2015-12-23 Thread Vladimir Kuklin
Kyrylo

One comment here. Hostname on the nodes resolves to its management network
as it is put into /etc/hosts file during the deployment.

On Wed, Dec 23, 2015 at 9:27 PM, Alexey Lebedeff 
wrote:

>
> When long node names are enabled (controlled by RABBITMQ_USE_LONGNAME
> environment variable), you could actually use IP-address as a node name.
>
> Matthew Mosesohn writes:
>
> > I agree. As far as I remember, rabbit needs fqdns to work and map
> > correctly. I think it means we should disable the ability to move the
> > internal messaging network role in order to fix this bug until we can add
> > extra dns entries per network role (or at least addr)

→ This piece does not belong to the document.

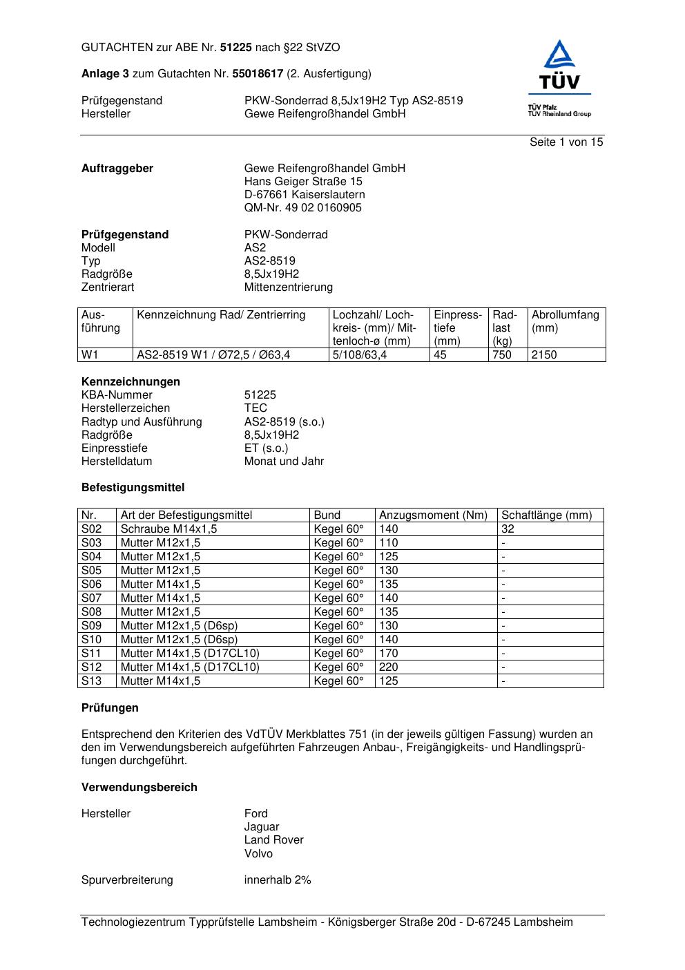 Dieses Gutachten (abe) bezieht sich auf die Alufelge GEWE AS2-8519 in der Ausführung ET 0, Mittenloch 0 mm (KBA 51225). Im PDF findest du typischerweise zulässige Reifengrößen, Auflagen/Anbauhinweise und – je nach Dokument – Hinweise zur Eintragung.

> > On Dec 23, 2015 8:42 PM, "Andrew Maksimov" 
> wrote:
> >
> >> Hi Kirill,
> >>
> >> I don't think we can give up on using fqdn node names for RabbitMQ
> because
> >> we need to support TLS in the future.
> >>
> >> Thanks,
> >> Andrey Maximov
> >> Fuel Project Manager
> >>
> >> On Wed, Dec 23, 2015 at 8:24 PM, Kyrylo Galanov 
> >> wrote:
> >>
> >>> Hello,
> >>>
> >>> I would like to start discussion regarding the issue we have discovered
> >>> recently [1].
> >>>
> >>> In a nutshell, if RabbitMQ is configured to run in separate
> >>> mgmt/messaging network it fails on building cluster.

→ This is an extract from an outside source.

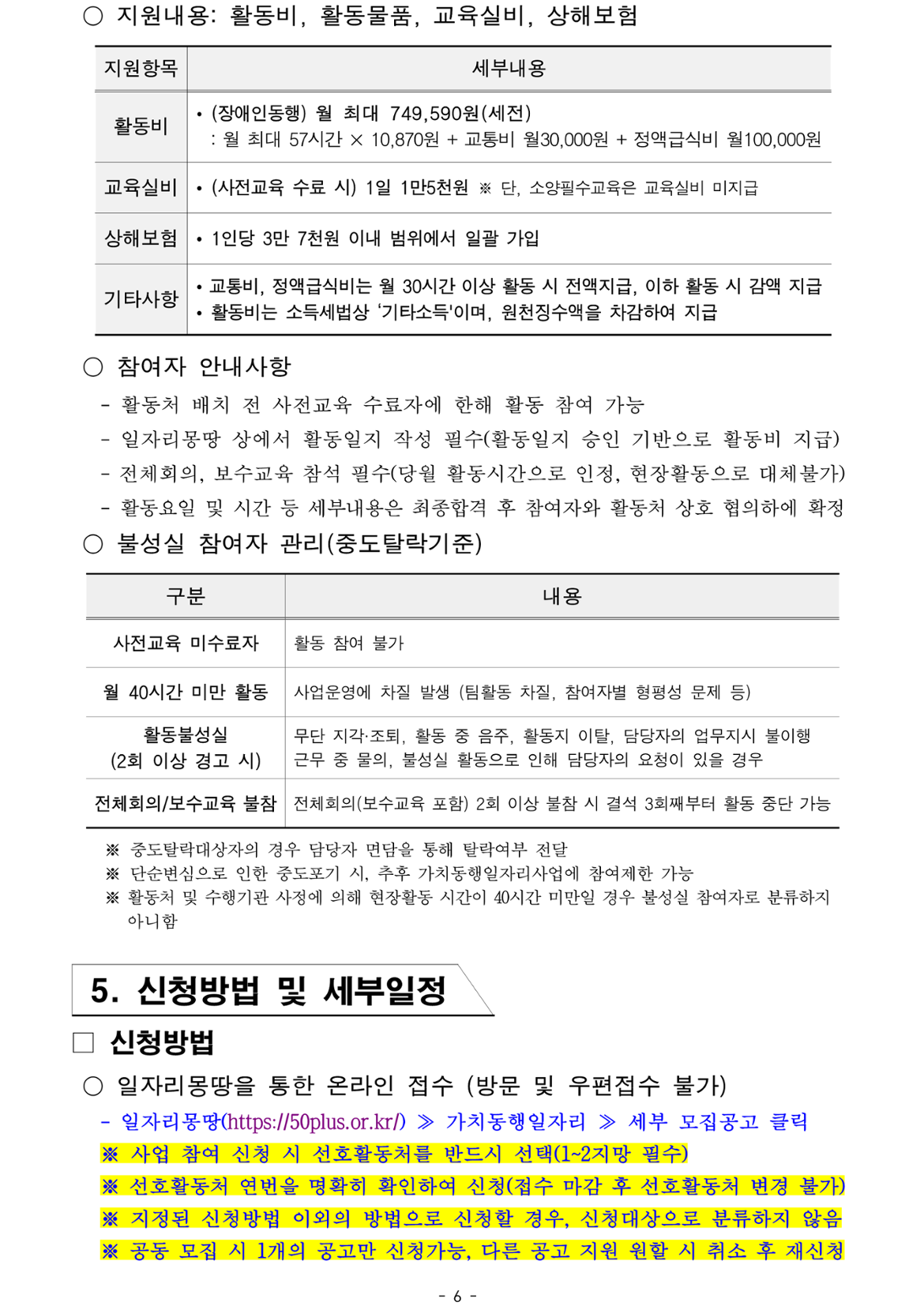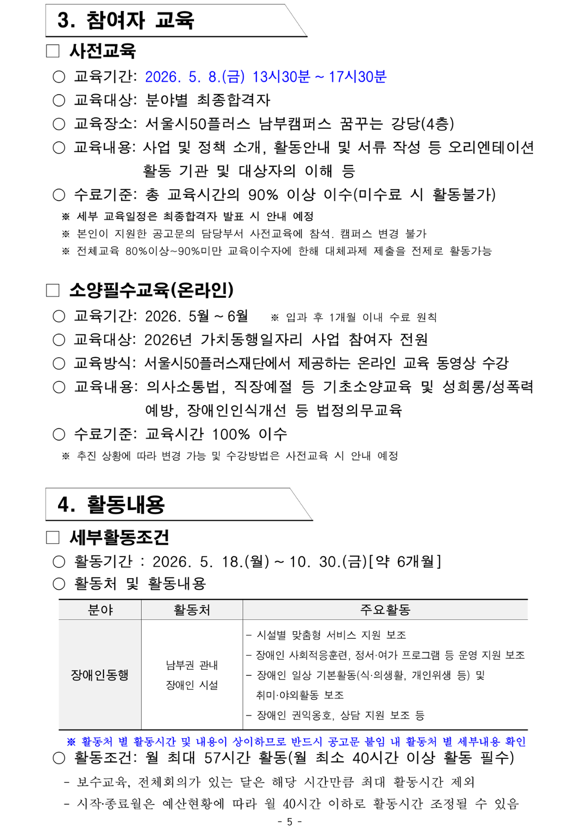 1. 가치동행일자리 기초교육 미수료시 활동불가( 4.23 전 반드시 수료 필수)

> >>> While RabbitMQ is managed by Pacemaker and OCF script, the cluster is
> >>> built using FQDN. Apparently, FQDN resolves to admin network which is
> >>> different in this particular case.
> >>> As a result, RabbitMQ on secondary controller node fails to join to
> >>> primary controller node.
> >>>
> >>> I can suggest two ways to tackle the issue: one is pretty simple, while
> >>> other is not.
> >>>
> >>> The first way is to accept by design using admin network for RabbitMQ
> >>> internal communication between controller nodes.
> >>>
> >>> The second way is to dig into pacemaker and RabbitMQ reconfiguration.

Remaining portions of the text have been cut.